During a healthy pregnancy, a woman’s immune system somehow manages to avoid attacking the fetus she’s carrying, even though it has plenty of foreign characteristics contributed by the father.
In the March Nature Immunology, researchers offer an explanation in experimental mice for this pivotal exercise of self-control: While pregnant, the animals overproduce a kind of T cell that reins in other immune cells that might target the fetus.
Immunologist Alexander G. Betz of the Medical Research Council Laboratory of Molecular Biology in Cambridge, England, and his colleagues found that healthy, pregnant mice have double to triple the number of CD4+CD25+ T cells, also called regulatory T cells, in their blood, spleen, and lymph tissue as do female mice that aren’t pregnant.
To test the cells’ effect on pregnancy, the researchers mated 30 female mice with males. Half of the females had fully functioning immune systems; the others lacked the regulatory T cells. Nine of the healthy females became pregnant—a percentage slightly higher than normal. None of the female lab mice lacking the T cells could sustain a pregnancy.
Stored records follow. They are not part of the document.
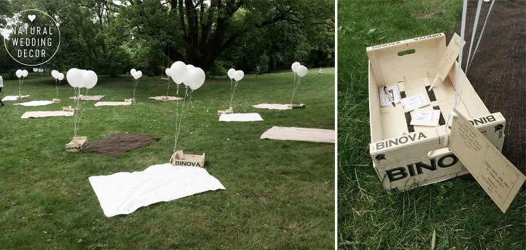 Ezekre a ládákra kötöttük a képeslappal ellátott lufikat is, amiket a szertartás után elengedtek, hátha visszaküldi nekik valaki.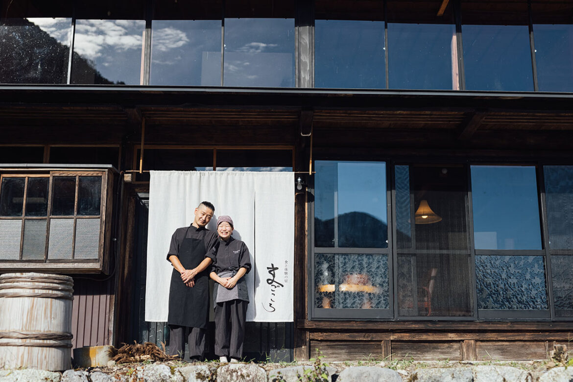 長野県飯田市のなかでも山間部に位置する上村地域。「遠山郷」の呼称で知られるこの地に2022年10月、築150年の古民家を改装した「食と体験の宿『まごころ』」が誕生した。経営するのは数々の和食の名店で修行を重ねてきたオーナーシェフの小池清志さんと、地域おこし協力隊として移住した小池真沙美さん夫妻。同店は宿だけでなく、ランチにディナー、宴会も実施可能な「新島(あたらじま)食堂」としての顔も持つほか、ケータリング事業も好調だ。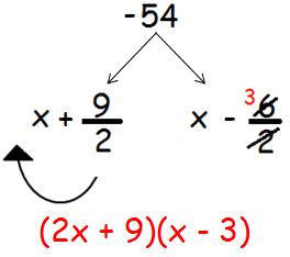 Now we have to divide the two factors +9 and -6 by the coefficient of x2, that is 2.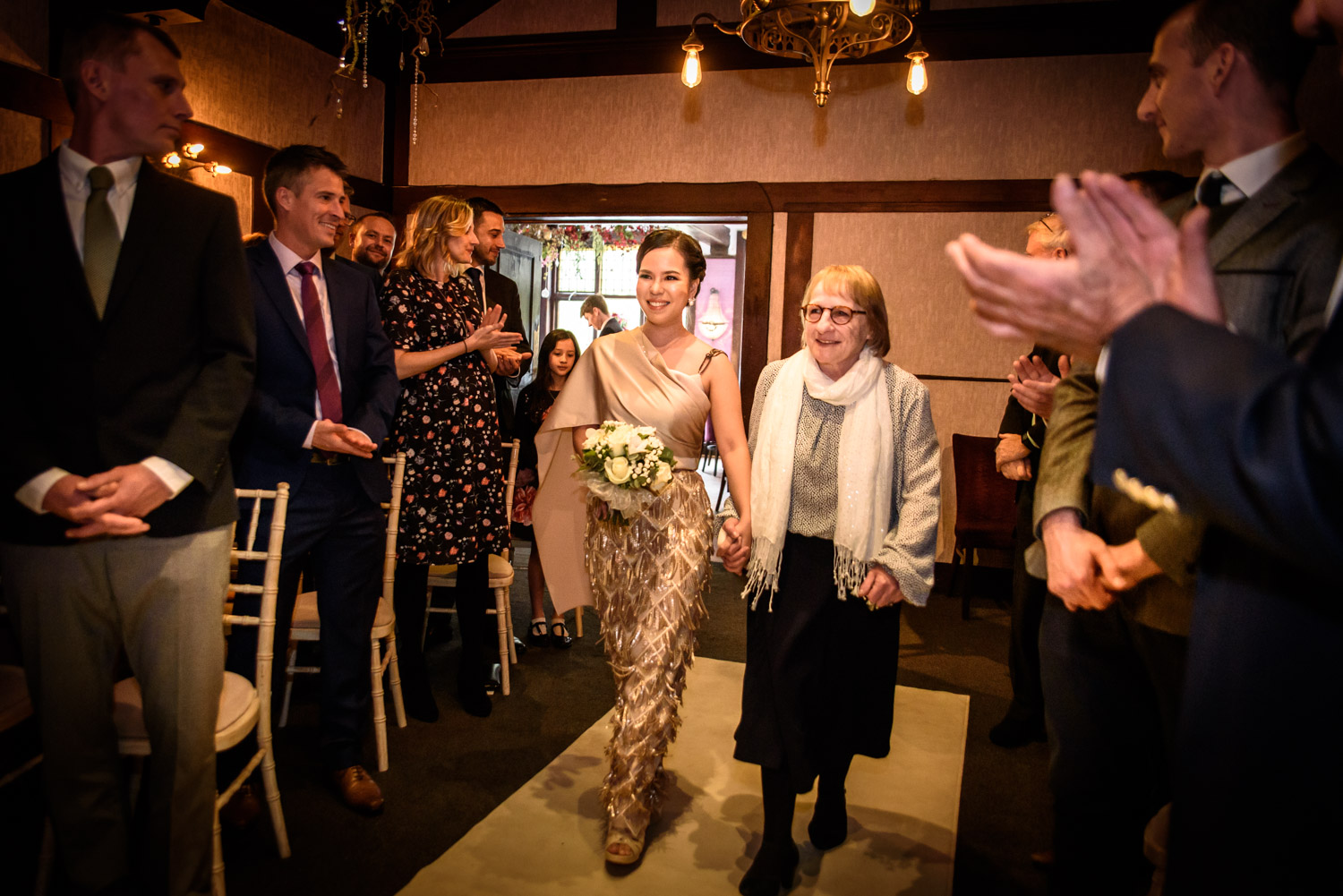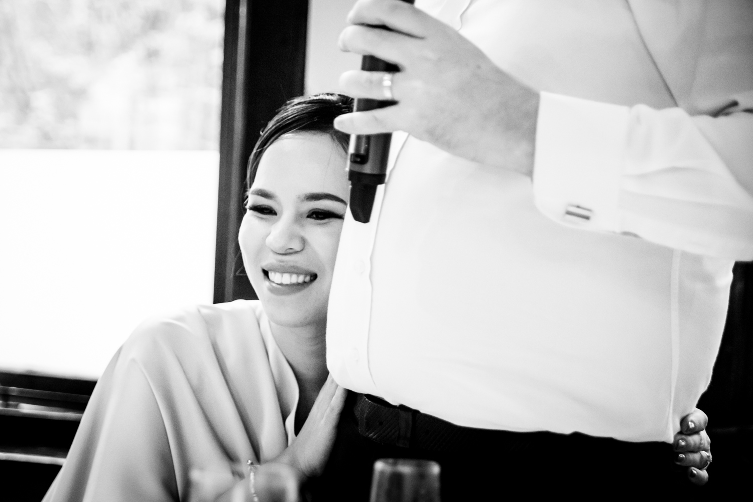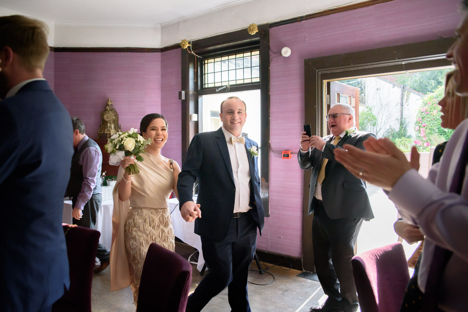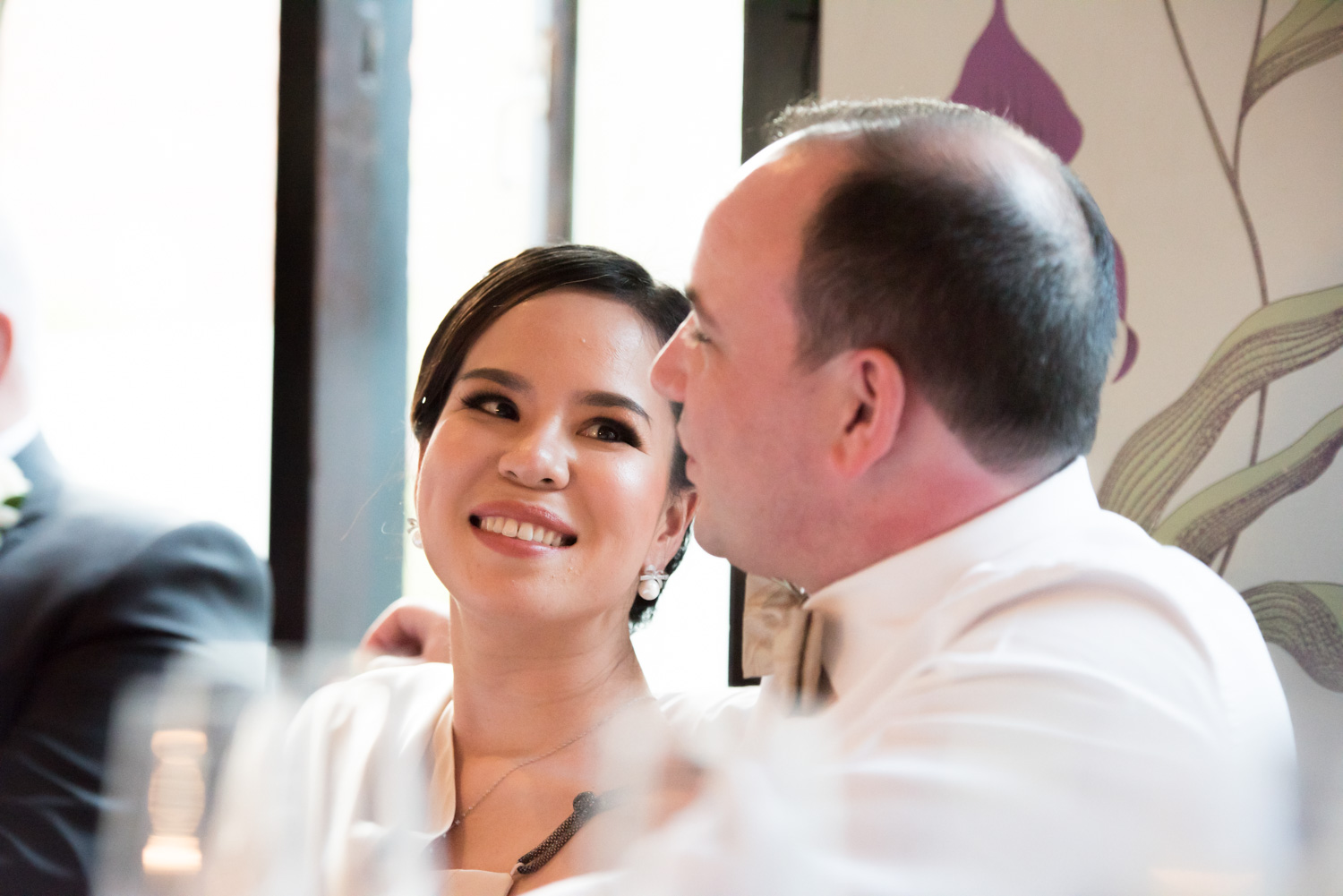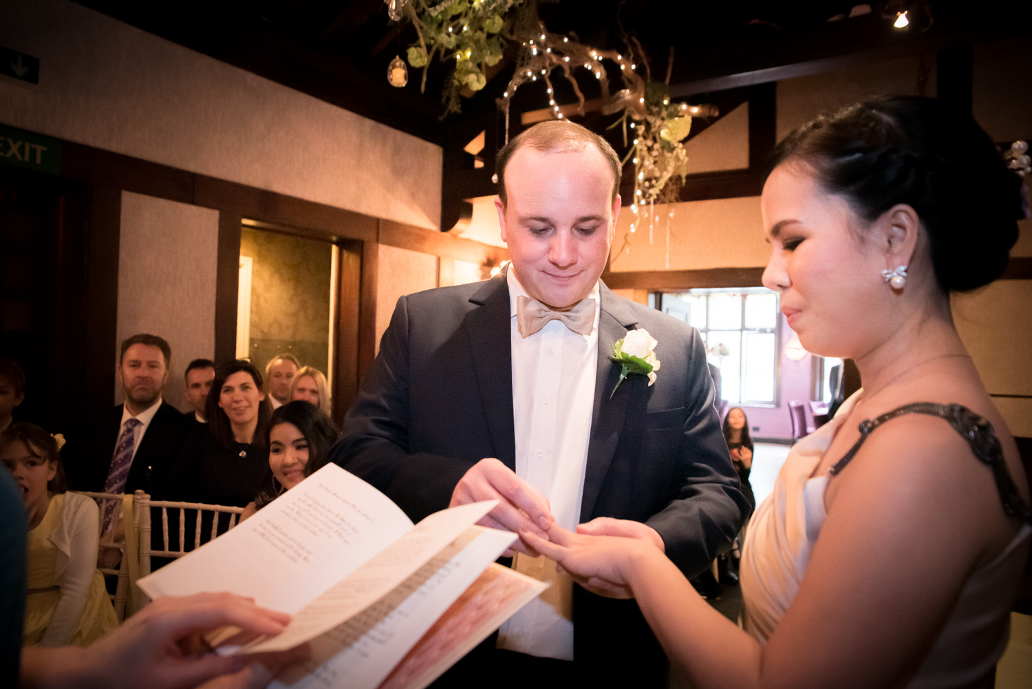 Being already legally married, Aum and Dodd chose to have Charlotte Simpson as their celebrant for a truly personalised ceremony. Charlotte told the story of Aum and Dodd’s first date and how the groom proposed several times before Aum realised he wasn’t joking! She also mentioned how the groom’s grandma Faye had had an important part in the proposal. After Faye realised that Dodd didn’t have a ring to propose with, she gave him one of her own. There was laughter across the whole room!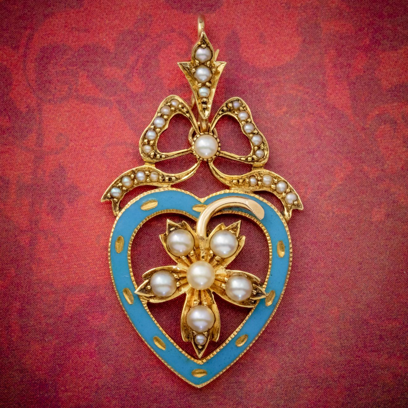 Antique Edwardian Pearl Heart Pendant Brooch 15ct Gold Blue Enamel c.1905 Boxed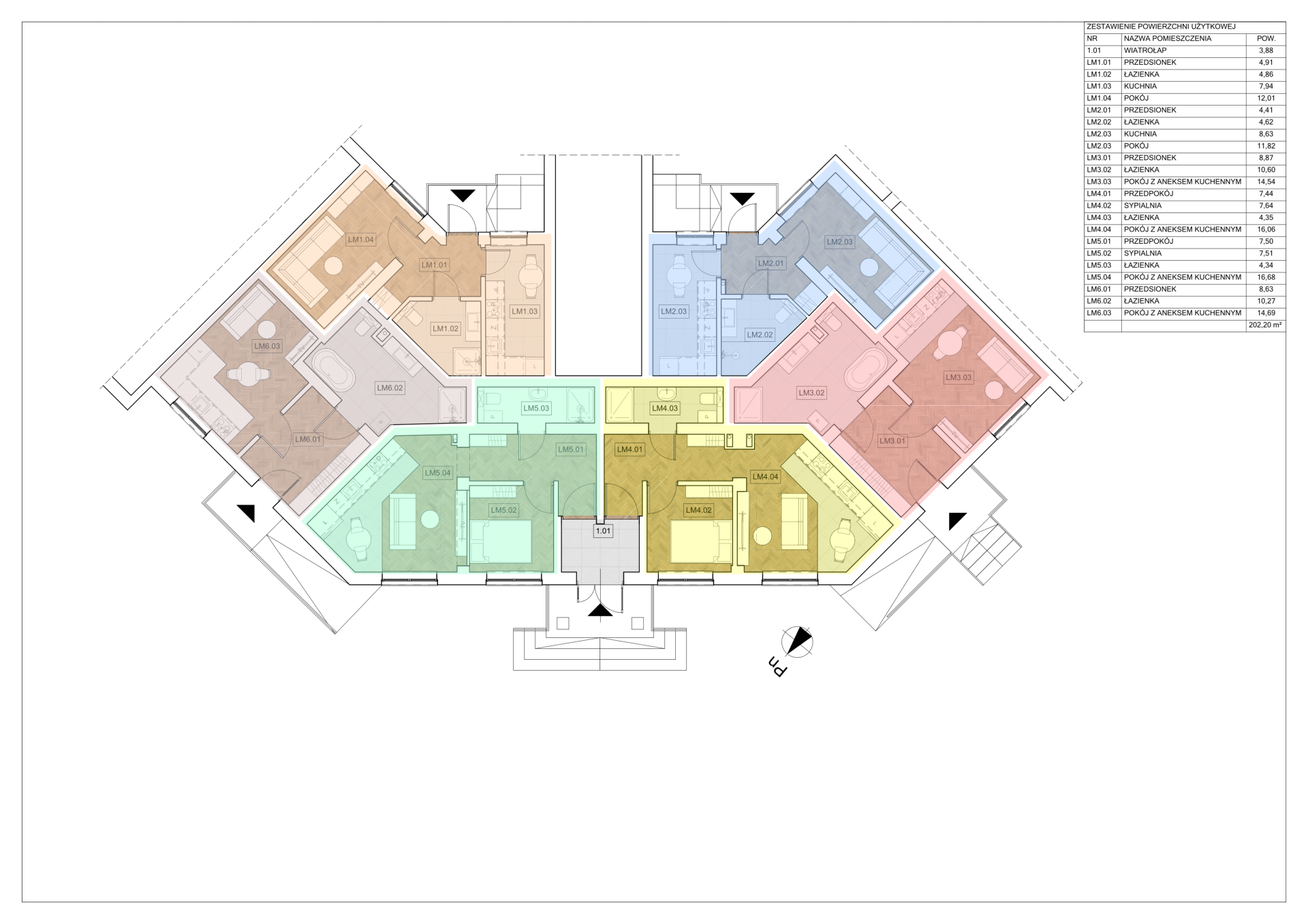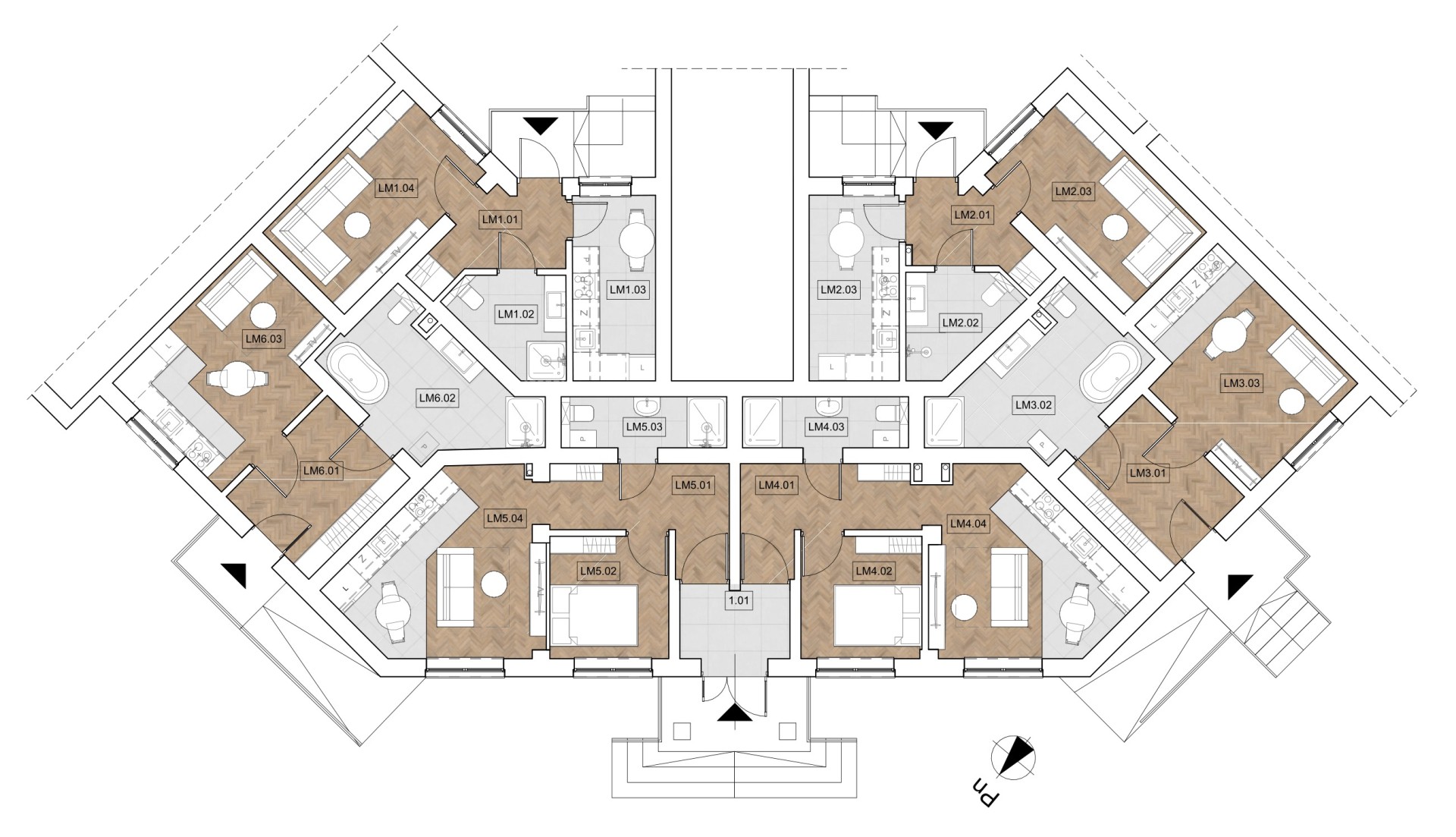 Istniejący projekt daje możliwość stworzenia portfela lokali maksymalizującego stopę zwrotu (ROI) oraz dywersyfikację najemców: 4 ustawne kawalerki oraz 2 komfortowe mieszkania dwupokojowe. Atutem nieruchomości jest aż pięć niezależnych wejść do budynku (od strony północnej, południowej i zachodniej), co zapewnia pełną autonomię. Dostęp do lokali odbywa się bezpośrednio z zewnątrz.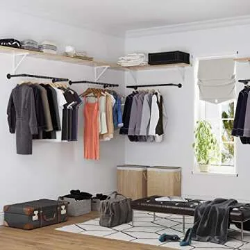 Show moreTransform your space with the SONGMICS Wall-Mounted Clothes Racks, a stylish and functional solution to your storage woes. This set of 2 industrial pipe clothes hanging bars is designed to maximize your vertical space, turning empty wall areas into functional storage that fits seamlessly into any decor style. With ample dimensions of 11.8 x 36.2 x 2.9 inches, these racks provide a chic way to display your wardrobe while keeping it organized and easily accessible. The rugged black finish and industrial design add a modern touch to any room, making them not just a storage option, but a fashionable statement in your home or retail space.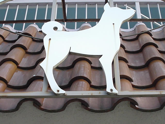 聖痕 大阪市、城東区内。ある動物病院の看板。犬のシルエットのデザインです。凛々しい姿は忠実な飼い犬のイメージみたいです。釘の跡が聖痕を連想させます。ペット達の守り神です。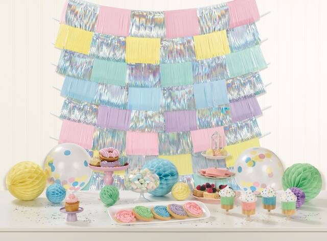 Mint green, pastel blue, pink, purple, yellow and iridescent banners feature strands of plastic fringe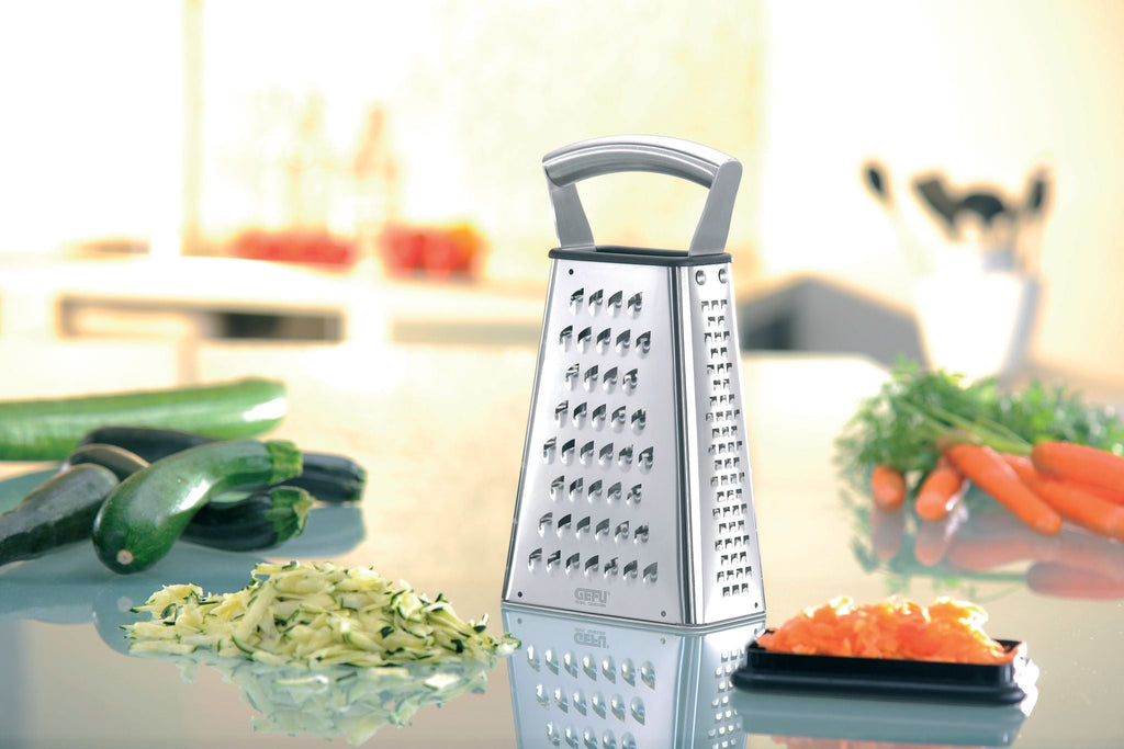 Laser-cut technology assures razor-sharp cutting edges and perfect grating results for a long time. Thanks to it's four different grating patterns it can handle all vegetables as well as cheese, chocolate, ginger , and nutmeg.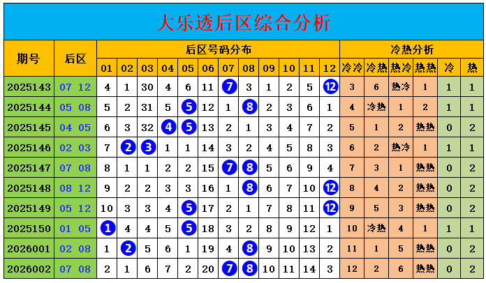 上期归来:大乐透第2026002期:前区04、08、15、20、31,后区07、08,前区奖号和值为78,三区比为2:2:1,后区开出热热组合07、08
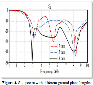 The antenna structure is based on a partial ground plane to obtain significant bandwidth enhancements. In Figure 4, the effect of the ground plane length on the matching impedance is realized with the S11 spectra. It is found that the antenna shows the best matching bandwidth at 7 mm from the antenna centre. This is due to the effects of fringing from the ground plane edges with respect to the patch edges.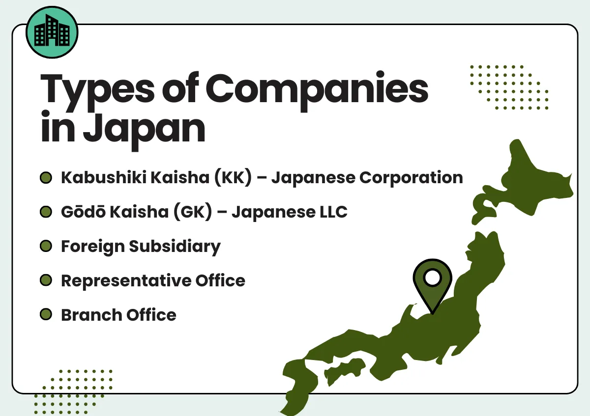 일본에서 사업을 하는 외국인 기업가들은 일반적으로 다섯 가지 주요 회사 유형 중에서 선택하는데, 각 유형은 목표, 위험 감수 능력, 장기 전략에 따라 장단점이 다릅니다.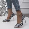 High Heels 2024 New Women's PU Leather Casual Office Slip-on Stiletto Heels Fashion Pointed Nightclub Leopard Design Dance Shoes
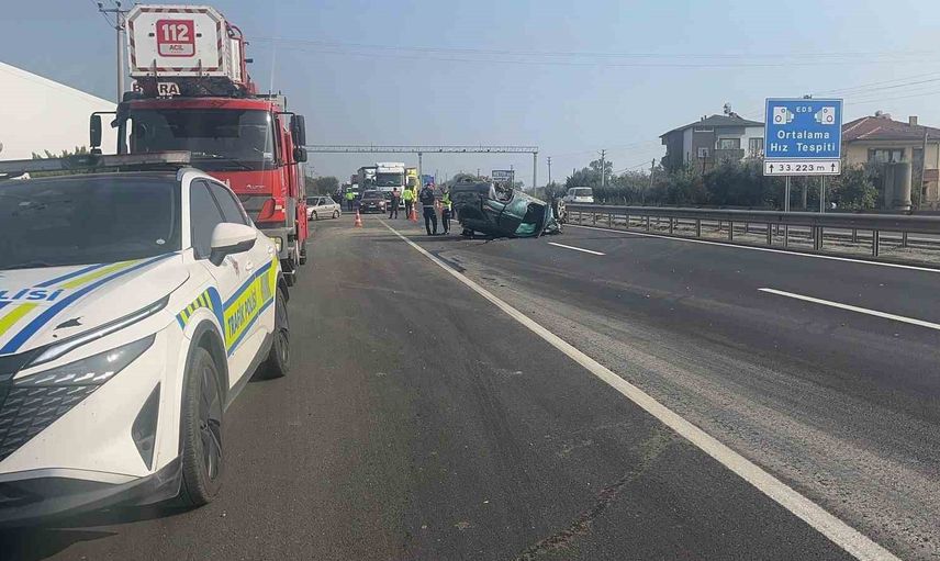 Sakarya’nın Pamukova ilçesi D-650 kara yolunda meydana gelen trafik kazasında, sürücüsünün kontrolünü kaybetmesi sonucu bir otomobil takla atarak ters döndü.

Like mice, people harbor a population of the regulatory T cells. Their role in pregnancy remains unclear, but Betz suggests that doctors might look for unusual concentrations of T cells in women who are infertile with no known cause, which is the case in 10 percent to 15 percent of infertile women.
An understanding of the role of regulatory T cells might also lead to new treatments for suppressing rejection of transplanted organs and inhibiting autoimmune reactions, in which a person’s immune cells attack his or her own tissues, Betz and his coworkers speculate.